Though he only plans to stay on as head of the Chicago Public Schools for six months, interim CEO Terry Mazany laid out a dramatically different course for schools Monday, saying that under No Child Left Behind “we’ve traded off our pursuit of excellence for the tyranny of accountability.”
Mazany said the focus has been on failing schools and all that encompasses, including firing bad teachers and principals and closing schools.
By doing so, we’ve ignored the 80 to 90 percent of schools that are good, and lost opportunities to make them great, Mazany said.
“If…we think about schools as needing to improve—not needing to be closed—then we focus the system’s resources on support and development,” Mazany told civic and business leaders at a speech at the City Club.
January is the month when the school district typically announces school closings, which teachers and parents from some schools have fought bitterly. Mazany said CPS hasn’t determined a timeline for closings—but he didn’t rule them out
In fact, he said Chicago would have to address declining enrollment. Over the past decade, Chicago schools have lost about 20,000 students. But the system has been adding schools, many of them charters. Mazany says Chicago needs to do a comprehensive facilities inventory —and make the case to parents that some schools should be closed.
“Every building represents dollars in bricks and mortar that could go to dollars in the classroom for student instruction,” he said.
Mazany was appointed by Mayor Richard M. Daley to head the schools in November and is on loan from his position as head of the Chicago Community Trust.
Much of Mazany’s address focused on the United States’ position globally in terms of economic output and educational attainment. He said global competition demands that schools that have been inching forward now “leap frog” to become the right schools for the time we live in.
That means restoring a full dose of arts and civics, Mazany said. “We so narrowed the curriculum focus, that we lost the essence of our education system.”

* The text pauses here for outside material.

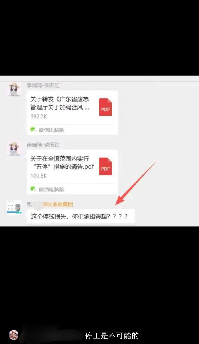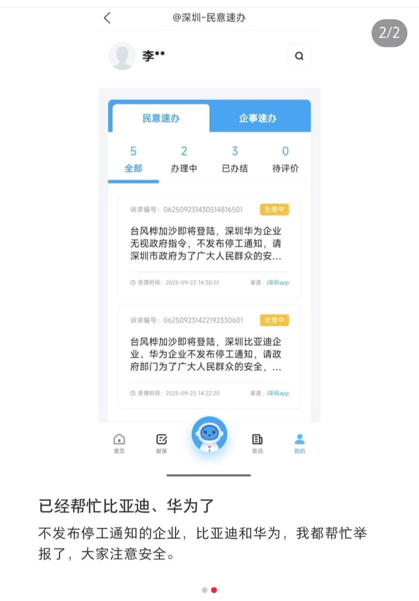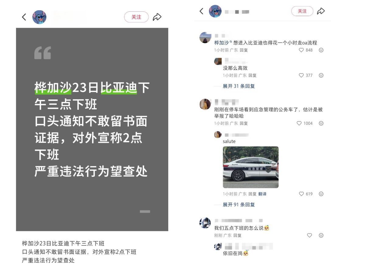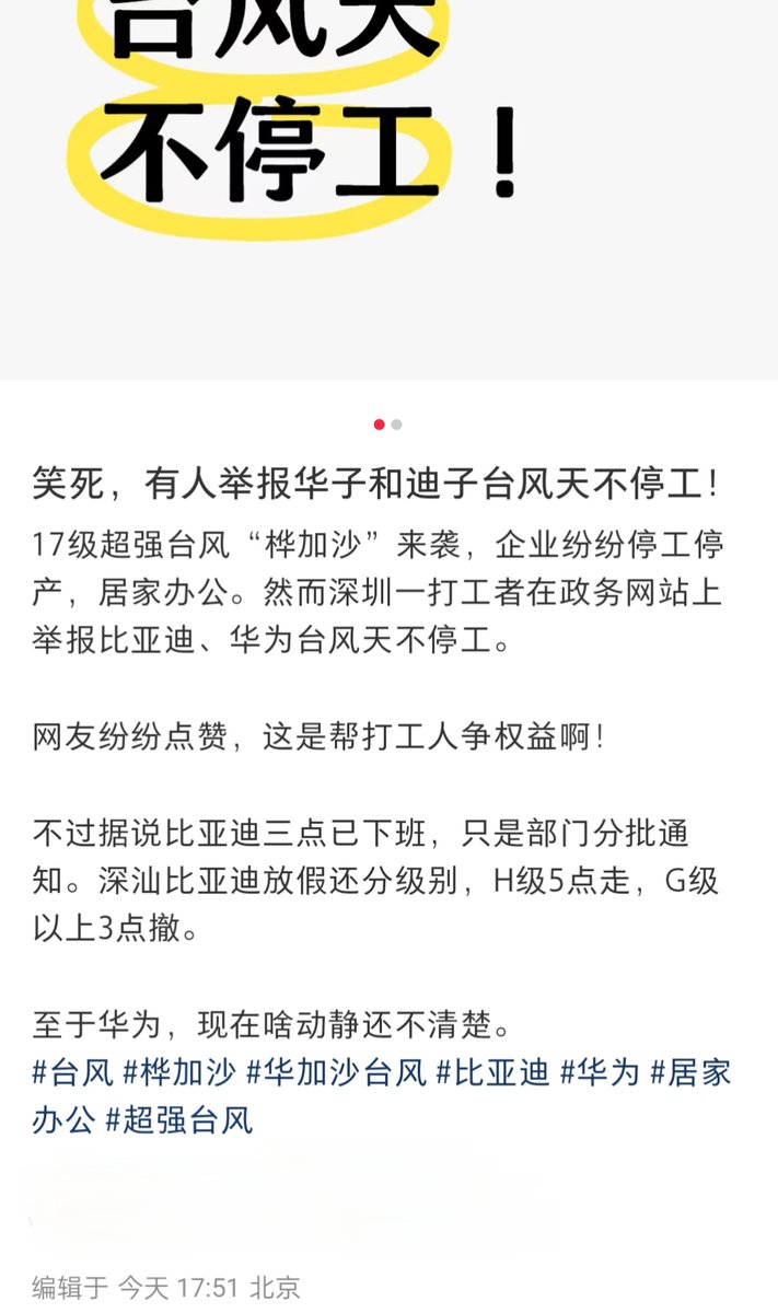 9月23日,有网友在小红书爆料,比亚迪在9月23日因台风“桦加沙”实际通知下午3点下班,却仅以口头形式传达,不敢下发书面文件,对外仍声称“2点下班”。 另有员工透露,深圳比亚迪实行分级撤离制度,G级员工3点下班,H级则需等到5点。 还有人直接在政务平台发帖举报比亚迪台风天不停工。有照片显示,有应急管理公务车已抵达停车场,疑似相关部门接报后已介入调查。

And he took a swipe at standardized testing, saying “you can’t fatten a chicken by weighing it.”
After his address, Mazany hinted he’d support controversial legislation in Springfield that would limit teachers’ right to strike.

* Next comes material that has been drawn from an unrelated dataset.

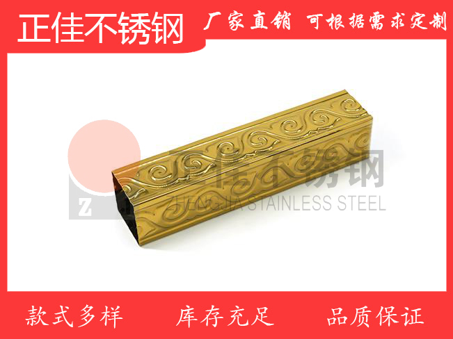 不銹鋼花紋管是在不銹鋼裝飾管的基礎(chǔ)上,通過(guò)輥壓工藝,把各式各樣的花紋圖案壓印出來(lái)。而正佳的不銹鋼花紋管30x30鍍金祥云的表面就擁有祥云花紋,十分受新老顧客的歡迎。不僅如此,其表面還采用了真空電鍍著色工藝,使其表面呈現(xiàn)出鈦金色。其材質(zhì)是304,耐腐蝕性能顯著。

“So many of our students count on schools for their nutrition, for safe environments, for enrichment. … we would put a lot of young people at risk if we were to have to close schools for a prolonged period of time,” Mazany told reporters.
Chicago’s last teachers strike was in 1987.
But Mazany said his first priority is to secure more state funding for Chicago schools. He called last year’s round of budget cuts “brutal” and said a repeat would be “devastating.”